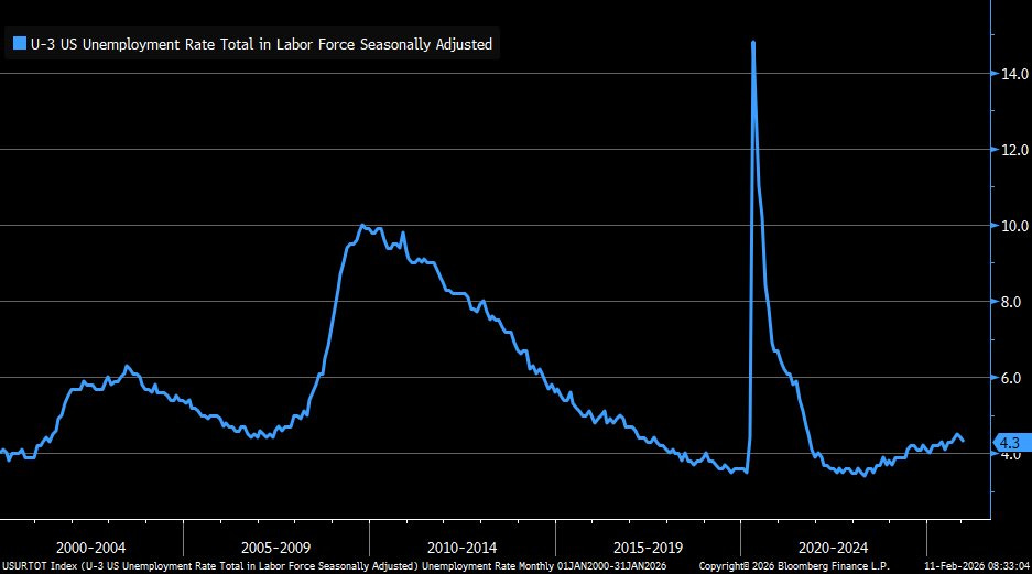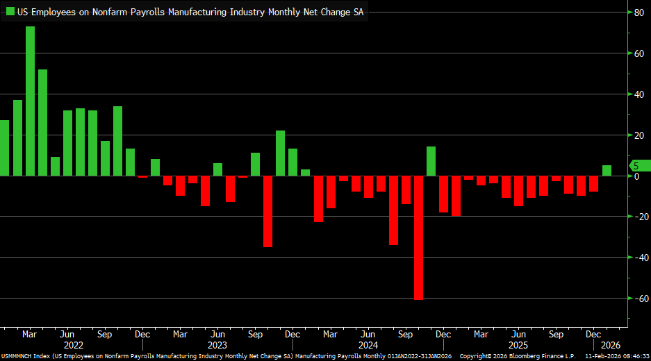 And adding to the point above, today’s jobs report was another clear sign of underlying strength. January Nonfarm Payrolls came in at 130K versus 65K expected, alongside an unemployment rate of 4.3% versus 4.4% expected. Again, the beat reinforces that after a brief wobble in ‘25, the labor market is stabilizing rather than continuing to undergo a slowdown hence the continued pricing-in of an economic re-acceleration (Driving outperformance amongst cyclicals & or ‘real’ economy names).
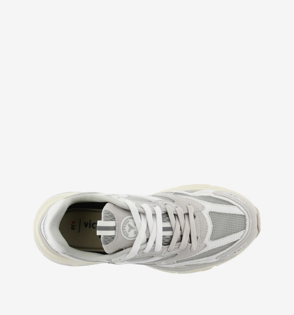Scarpe sportive da donna realizzate in tessuto a rete con sovrapposizioni in pelle e dettagli in PU. Chiusura con doppio paio di lacci. Suola in phylon con battistrada dentellato in gomma e stabilizzatore nel tallone. Include inoltre una soletta ergonomica che si adatta alla forma del piede, offrendo una sensazione di comfort.
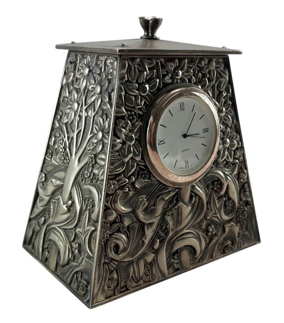 A modern embossed Art Nouveau-style silver-toned watch holder desk clock. Set with a quartz Japan movement. With a highly decorative embossed floral, tree and vine design. Watch mechanism detaches, with slight loss to the adhesive on the inner rim. The watch is held in place with tack. Sold as untested.
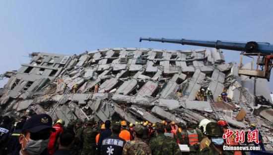 2月6日晨,台湾南部发生强烈地震。台南市因地震倒塌的维冠大楼致多人伤亡。图为救援队逐层搜寻受困者。中新社记者 刘舒凌 摄

+++++

Write the lines above out again exactly, excluding every picture.

 And adding to the point above, today’s jobs report was another clear sign of underlying strength. January Nonfarm Payrolls came in at 130K versus 65K expected, alongside an unemployment rate of 4.3% versus 4.4% expected. Again, the beat reinforces that after a brief wobble in ‘25, the labor market is stabilizing rather than continuing to undergo a slowdown hence the continued pricing-in of an economic re-acceleration (Driving outperformance amongst cyclicals & or ‘real’ economy names).
Scarpe sportive da donna realizzate in tessuto a rete con sovrapposizioni in pelle e dettagli in PU. Chiusura con doppio paio di lacci. Suola in phylon con battistrada dentellato in gomma e stabilizzatore nel tallone. Include inoltre una soletta ergonomica che si adatta alla forma del piede, offrendo una sensazione di comfort.
 A modern embossed Art Nouveau-style silver-toned watch holder desk clock. Set with a quartz Japan movement. With a highly decorative embossed floral, tree and vine design. Watch mechanism detaches, with slight loss to the adhesive on the inner rim. The watch is held in place with tack. Sold as untested.
 2月6日晨,台湾南部发生强烈地震。台南市因地震倒塌的维冠大楼致多人伤亡。图为救援队逐层搜寻受困者。中新社记者 刘舒凌 摄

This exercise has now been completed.